If Mother Nature turns you on, get ready to play “Where’s Waldo” because it’s difficult to notice the small blips of human intercourse amidst the aerial shots of sweeping seascapes and mountain ranges. Think “National Geographic” meets “Playboy” magazine.
“Every time humanity invents a new technology, enterprising pervs will inevitably figure out a way to bring sex into the equation,” British magazine Dazed’s Zing Tsjeng said.
This is the very concern of Sens. Eric Koch R-Bedford and Aaron Freeman R-Indianapolis, who authored Indiana Senate Bill 299, which is centered on restricting the drone-owning layperson from practicing “remote aerial voyeurism.”
As evidenced by the rise of sub-par sorority recruitment videos, the amount of amateur drone enthusiasts in our own Bloomington bubble is quickly growing. This, combined with the fact that many of us are college students with sheer curtains and couches on our porches, makes these new drone crime laws all the more relevant.
Drones are able to access higher-up crevices of your home that a common iPhone or wide-lens camera cannot, and sadly, perverts with non-existent sex lives looking to pry into the lives of clandestine individuals isn’t exactly a new issue.
A New York Times article from 1990 first breached the subject of telescope-owning peeping toms who were far less interested in scoping out Orion’s belt — although a case could be made for Uranus — and more “focused on targets closer to home.”

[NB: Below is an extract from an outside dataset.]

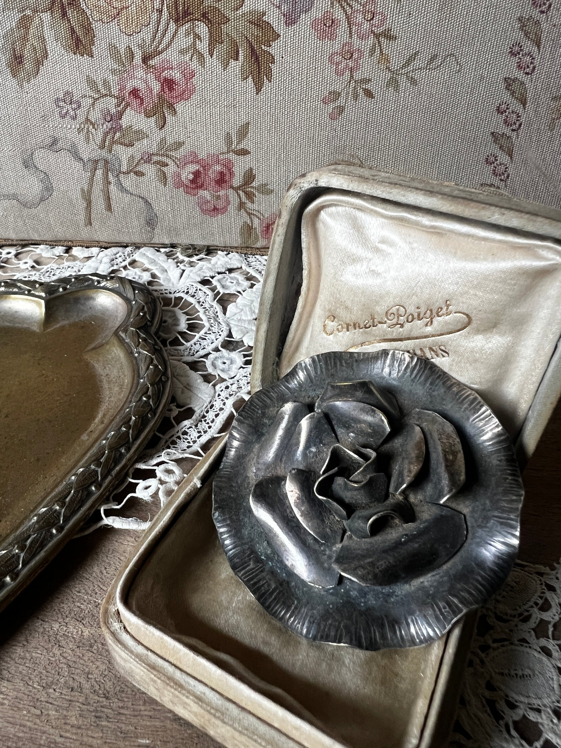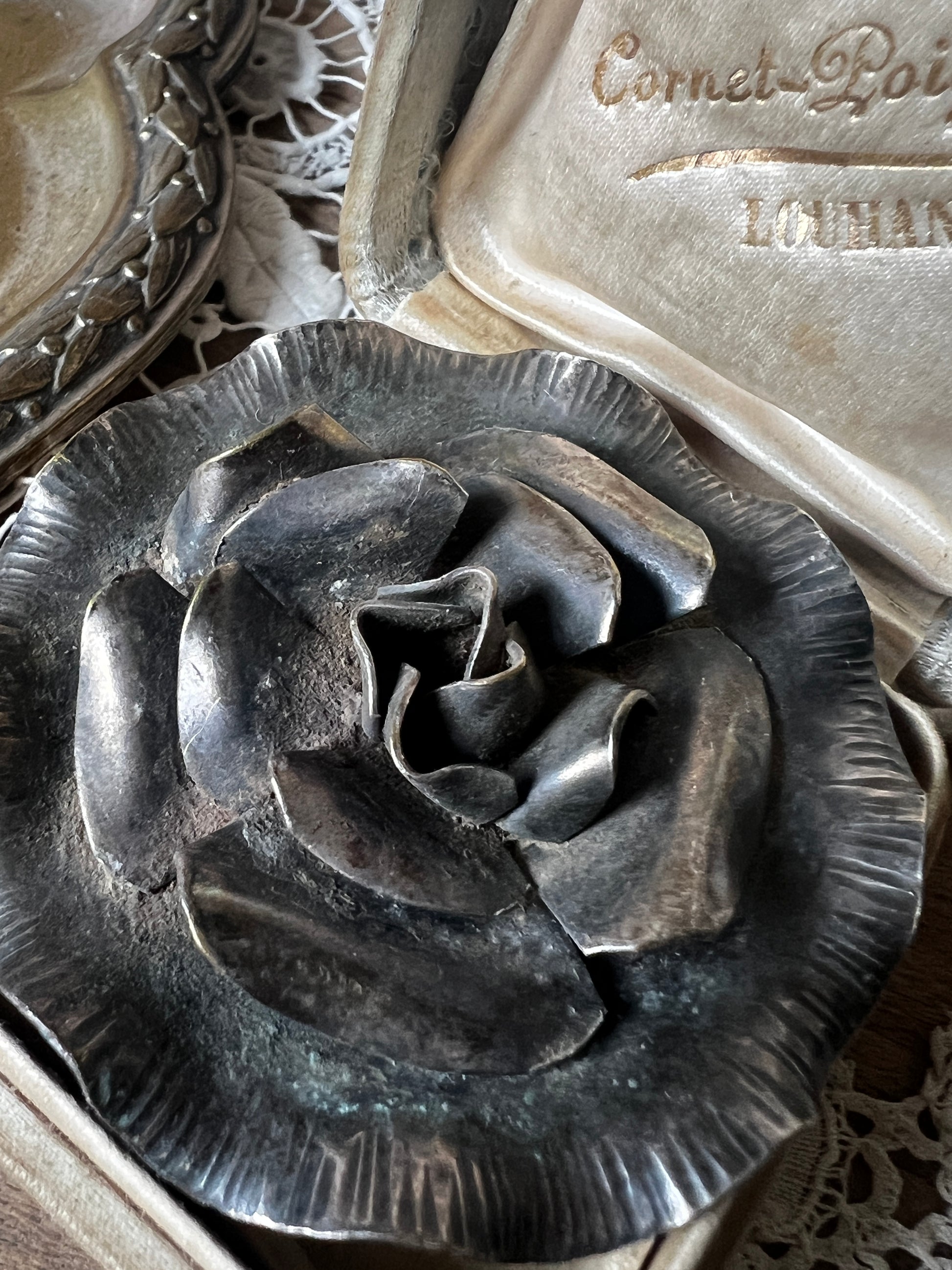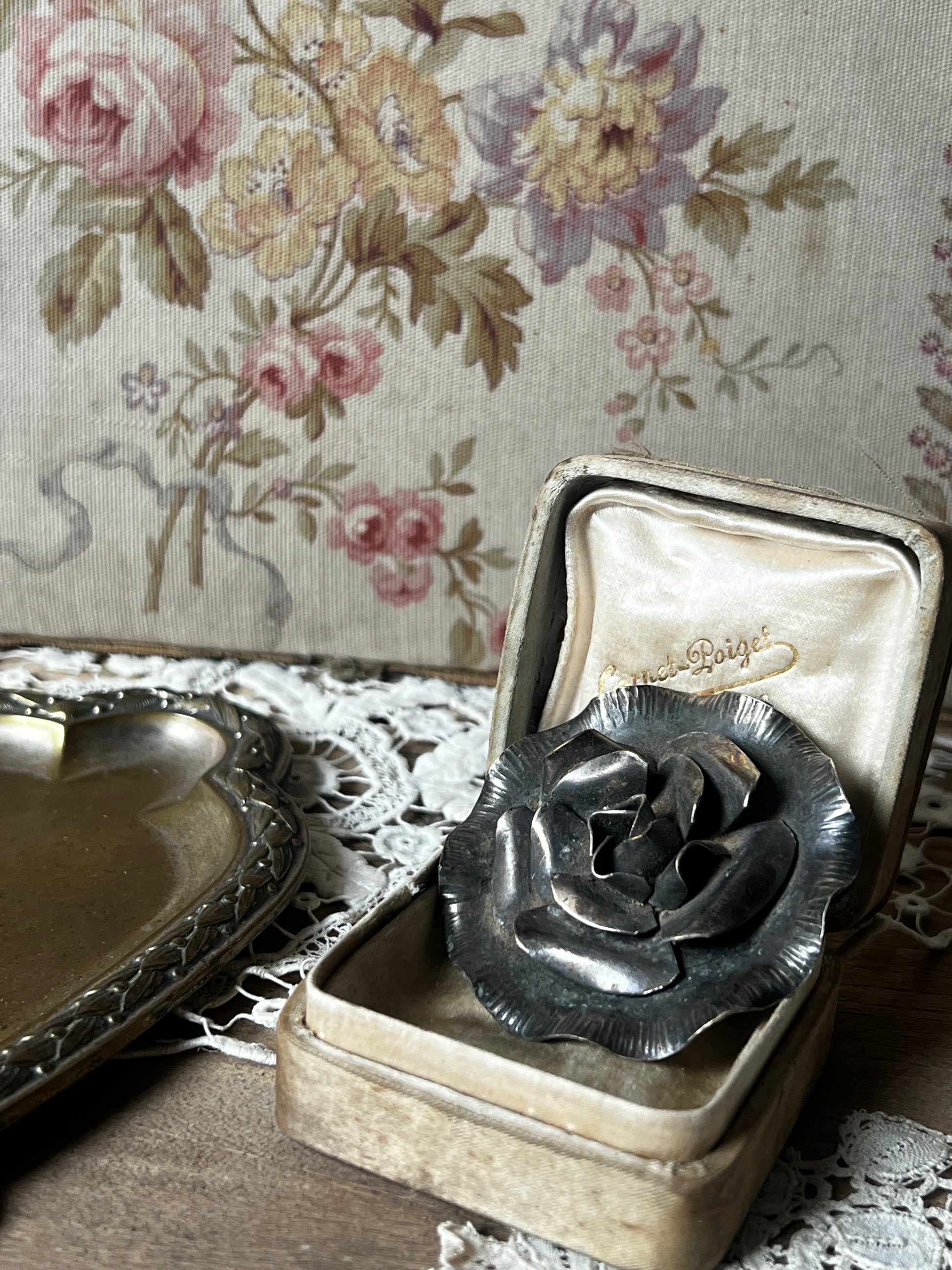 立体的な花びらのデザインが目を引く、メタル製のアンティークブローチです

Back then people only had to worry about those living in thier immediate proximity. Now creeps can pilot drones remotely from over three miles away.
Currently, Indiana legislation surrounding drone use criminalizes the invasion of a person’s “reasonable expectation of privacy,” which circles back to the Fourth Amendment of the Constitution. That being said, drone users also have their own First Amendment rights, which allows for photography and videography on public property.
Usually, laws need to play catch-up with new technologies, and it seems as though drones are becoming a pressing matter on the agenda’s of policymakers across the country.
“If a person’s in a hot tub, they’ve got an expectation of privacy defense, but I can see them from my second level,” said Sen. Mike Young R-Indianapolis at an Indiana Senate panel. He said – “So, whether I can see them for my bedroom window or another window or a (unmanned aerial vehicle) – have I invaded the expectation of privacy?”
It’s a tricky question to consider, but seeing the silhouette of someone from your window and having close-up, high definition footage of someone in their private space should be considered two different things.
This is why Indiana officials are looking to add “drone” to the list of devices that can peep into a private area. If committed, this type of crime is considered a Class A misdemeanor and could result in up to 1 year in prison with fines reaching $5,000.
Although this type of crime seems quite outlandish to most individuals, having a law surrounding aerial voyeurism wouldn’t hurt.
Unfortunately, there will always be bad apples out there that will go to extreme measures to see the color of your panties or find out whether you’re wearing boxers or briefs.